Manayunkia godlewskii is the only species of Manayunkia in which the thoracic notopodia have prechaetal lobes. It is possible that the significantly greater length of this species compared to the related species requires such a structure. Similar lobes are found, for example, in species of Sabellidae (cf. Bick & Randel 2012).

The number of branches of the median and ventral radioles is comparatively high, at least in comparison to most of the smaller species. This is explained by the fact that immediately after branching, the branches divide further, so that 2 or even more branches branch off from a common base. Zenkevitsch (1925) and Sitnikova et al. (1997) then concluded that the branches of the tentacle crown are arranged in two rows.

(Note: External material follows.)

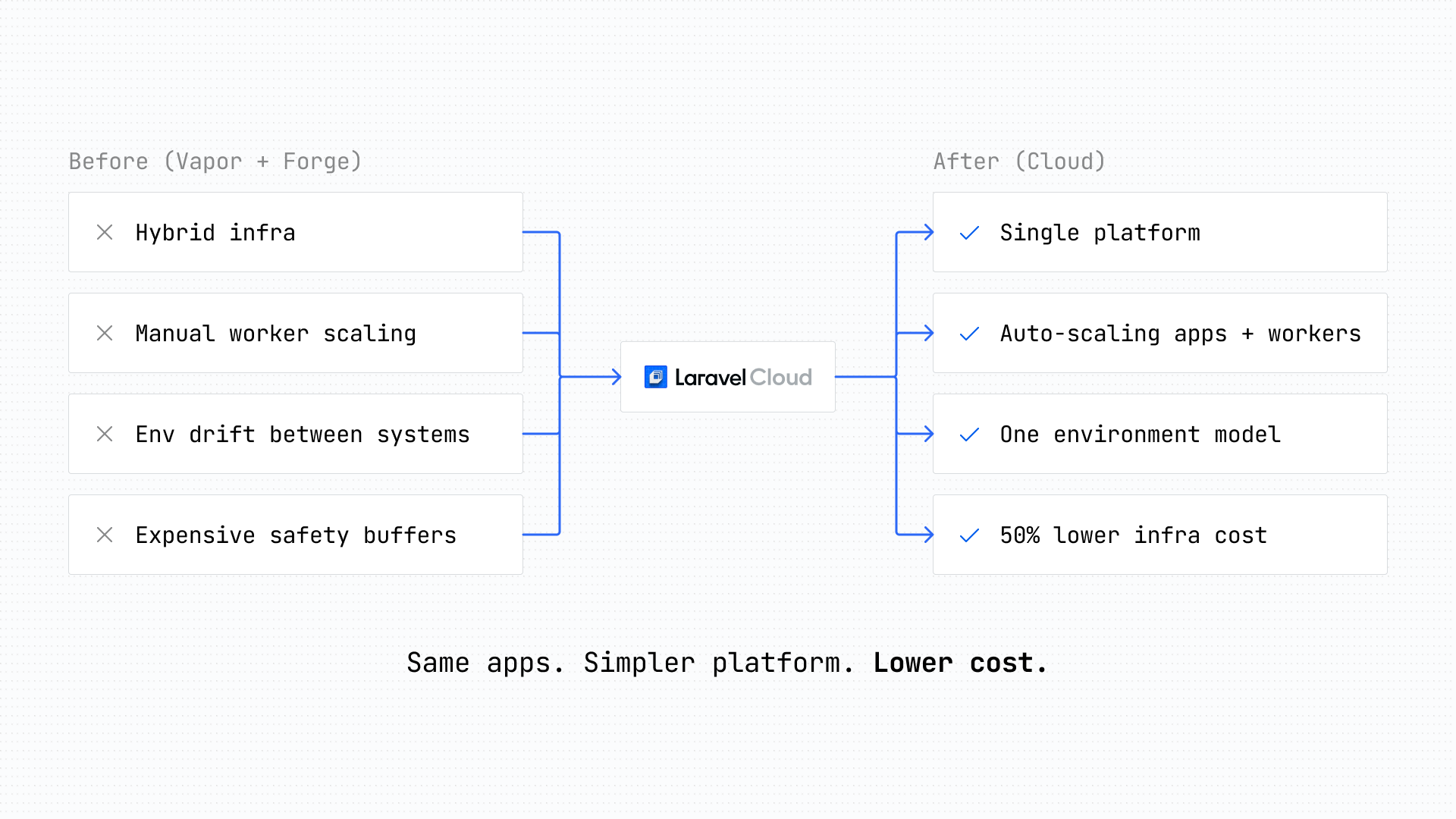 He also admitted that he wishes they had migrated sooner. ”If I could do something differently, I would have left Vapor earlier, just because of cost. Our infrastructure costs on Laravel Cloud are more than 50% lower.”

Manayunkia godlewskii is characterised in particular by a triangular but not elongated pygidium. The pygidium of the other two species from Lake Baikal is either elongated and pointed or oval. In addition, the pigment is almost completely absent or at most present on first two chaetigers. In M. baicalensis the first 6 chaetigers are distinctly pigmented, and in M. zenkewitschii all chaetigers are pigmented.

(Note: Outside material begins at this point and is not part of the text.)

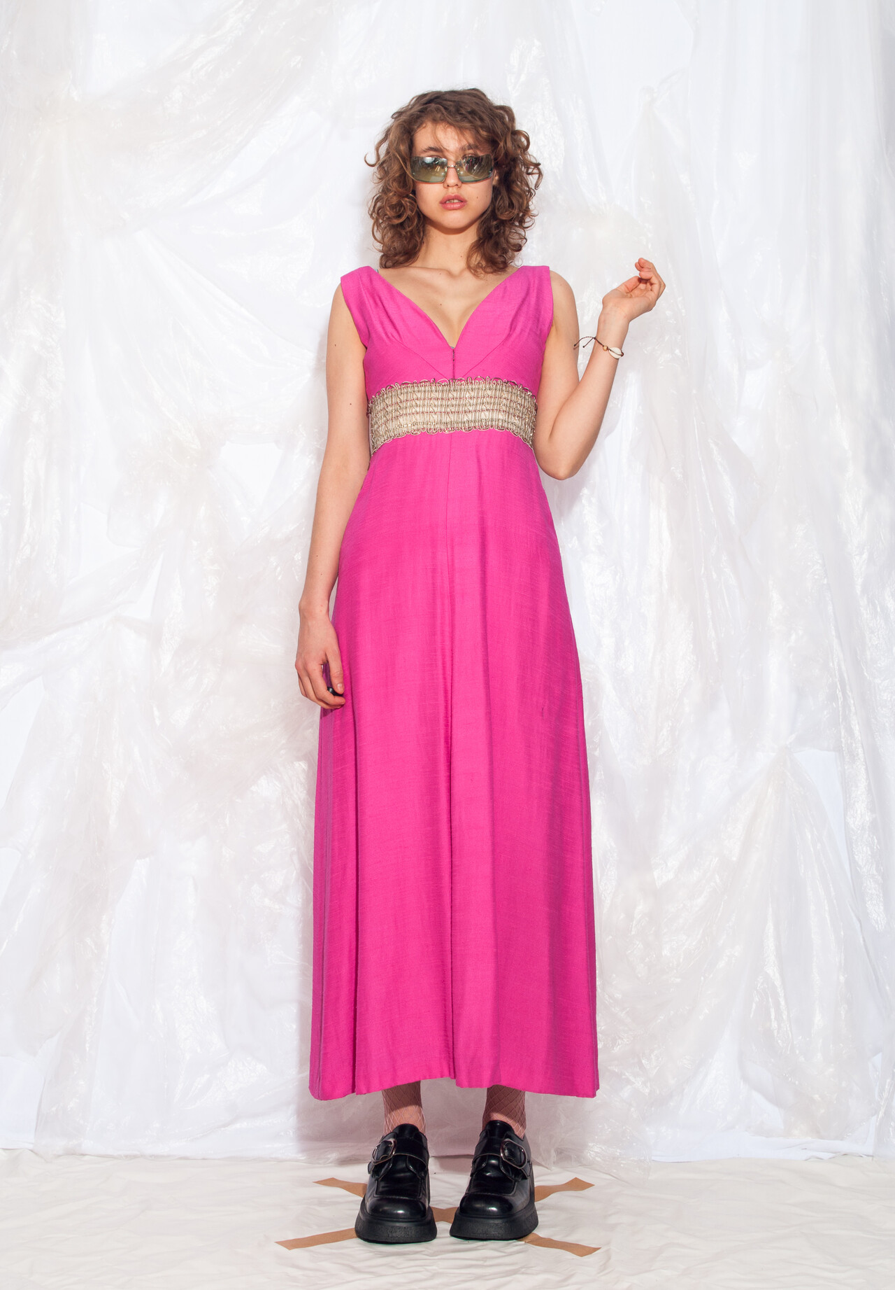 This stunning pink maxi dress escaped from the 70s in great vintage condition. It has a golden woven waist, zip closure and pink lining. Its fabric is heavy, natural and it’s non-stretchy.

There is a sexual dimorphism in this species. Mature females have transitional chaetae on neuropodia of chaetigers 6–8 instead of regular thoracic uncini. A brood chamber, which is formed by bulge-like protrusions ventrally on chaetigers 6 and 8, is also present in females. These characters are also found in M. baicalensis ( Zenkevitsch 1925) and M. zenkewitschii ( Sitnikova et al. 1997) . Zenkevitsch (1925) also stated that the number of thoracic chaetae and thoracic and abdominal uncini differ between males and females. Males have more chaetae and uncini than females. We did not have enough material to confirm this. However, the number of thoracic and abdominal uncini is significantly lower in smaller individuals. Specimens with a length of about 2 mm have only about 2–4 thoracic uncini, and 11–15 abdominal uncini on chaetiger 9, 8-–12 on chaetiger 10 and 6–10 on chaetiger 11.

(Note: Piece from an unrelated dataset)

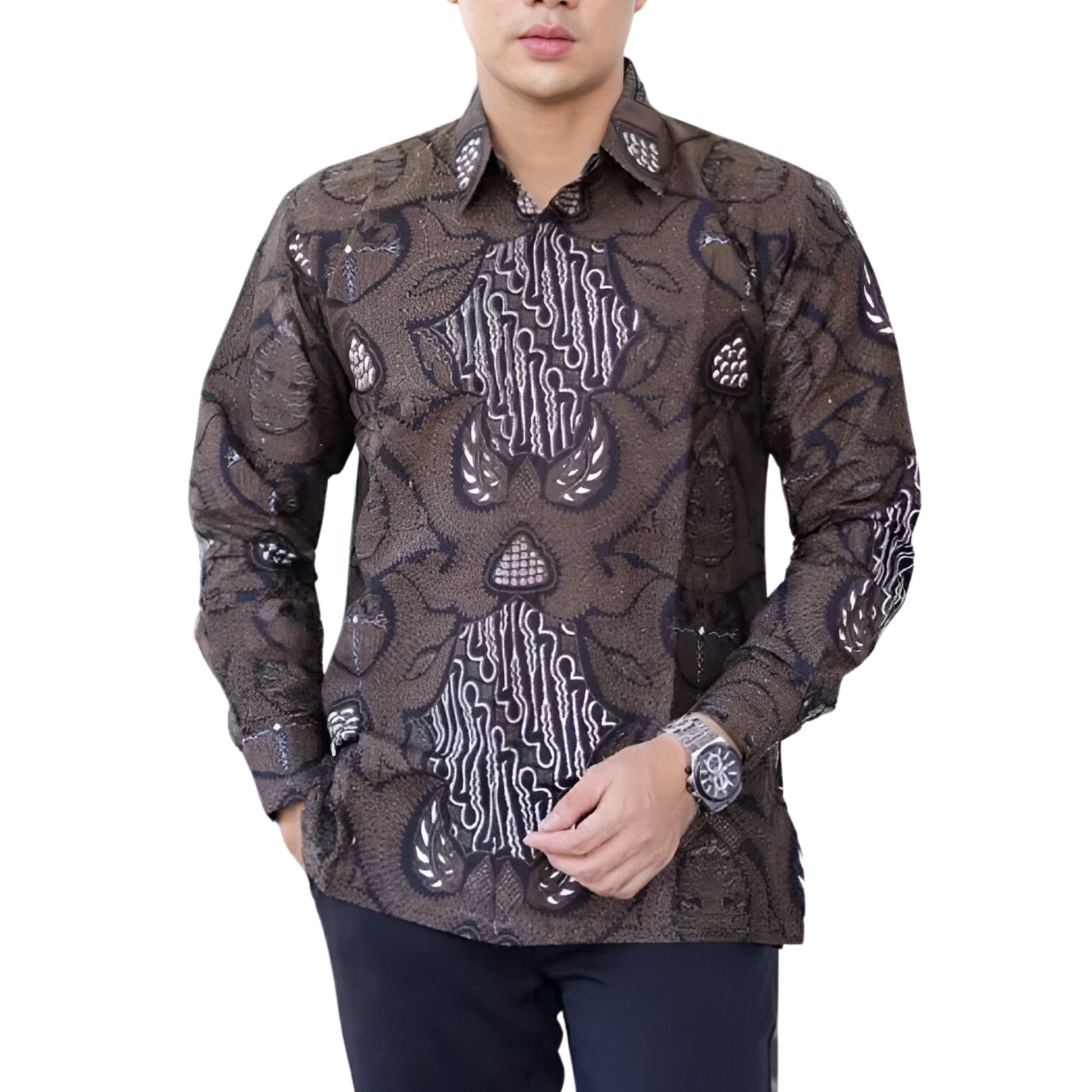 Men's Batik Shirt Brown Long Sleeve - Giandra

Geographic distribution. Known from Russia, Lake Baikal and probably from Lake Baunt, which is located about 200 km east of Lake Baikal.

Biology. The reproduction period is in September and October. However, some females with embryos in the tube have also been found in November and December. In some years, reproduction has also taken place at the end of March/beginning of April. The eggs are between 350 and 425 µm long and 270 and 300 µm wide. The maximum number of eggs and embryos in the tube was 48 ( Sitnikova et al. 1997).

Ecology. Manayunkia godlewskii occurs throughout Lake Baikal. It inhabits mainly muddy bottoms with detritus, muddy sand, but also pebbles and rocky areas. The depth distribution ranges from about 3 to 80 m.